Coalitions need to model the world in order to achieve their goals, but grant money is useful, too. This scenario suggests coalition members working on their shared maps might follow a strategy schema that could be summarized in slogan form as—

Speak the truth, even if your voice tremblesunless adding that truth to our map would make it x% harder for our coalition to compete for Imperial grant money, in which case, obfuscate, play dumb, stonewall, rationalize, report dishonestly, filter evidence, violate Gricean maxims, lie by omission, gerrymander the relevant category boundaries, &c.

(But outright lying is out of the question, because that would be contrary to the moral law.)

Then the coalition faces a choice of the exact value of x. Smaller values of x correspond to a more intellectually dishonest strategy, requiring only a small inconvenience before resorting to obfuscatory tactics.
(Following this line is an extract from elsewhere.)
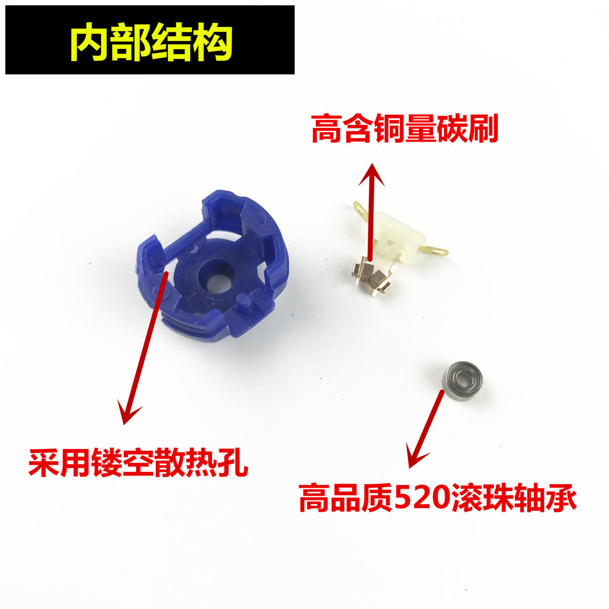 1 x Black ball bearing carbon brush back cover 1 x Blue ball bearing carbon brush back cover 1 x red ball bearing carbon brush back cover

Larger values of x correspond to more intellectual honesty: in the limit as x → ∞, we just get, “Speak the truth, even if your voice trembles (full stop).”

Which choice of x looks best is going to depend on the coalition’s current beliefs: coalition members can only deliberate on the optimal trade-off between map accuracy and money using their current map, rather than something else.
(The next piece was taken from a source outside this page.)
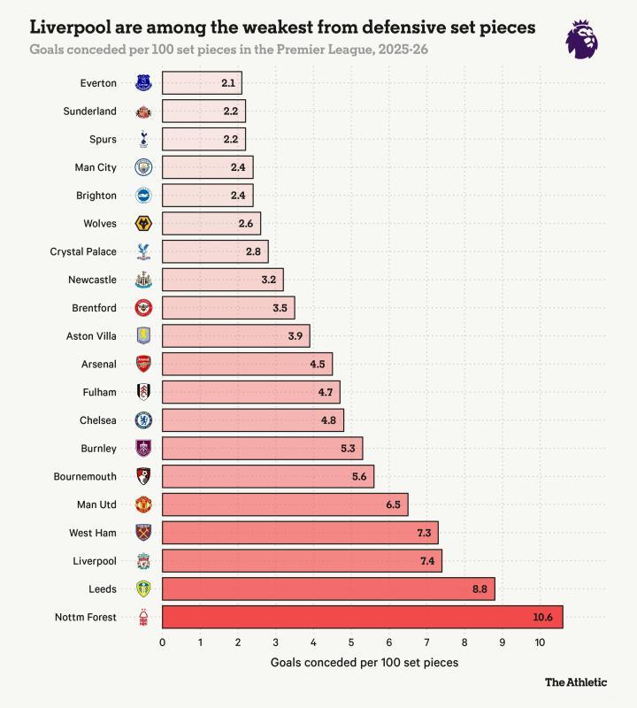 但解决方案似乎尚未找到。利物浦目前的阵容和夏季招募并不适合定位球防守,而英超联赛如今对此非常倚重。

But as the immortal Scott Alexander explains, situations in which choices about the current value of a parameter, alter the process that makes future choices about that same parameter, are prone to a “slippery slope” effect: Gandhi isn’t a murderer, but may quickly become one if he’s willing to accept a bribe to take a pill that makes him both more violent and less averse to taking more such pills.

The slide down a slippery slope tends to stop at “sticky” Schelling points: choices that, for whatever reason, are unusually salient in a way that makes them a natural focal point for mutual expectations, an answer different agents (or the same agent at different times) might give to the infinitely recursive question, “What would I do if I were her, wondering what she would do if she were me, wondering what …?”

In the absence of distinguished salient intermediate points along the uniformly continuous trade-off between maximally accurate world-models and sucking up to the Emperor, the only Schelling points are x = ∞ (tell the truth, the whole truth, and nothing but the truth) and x = 0 (do everything short of outright lying to win grants). In this model, the tension between these two “attractors” for coordination may tend to promote coalitional schisms.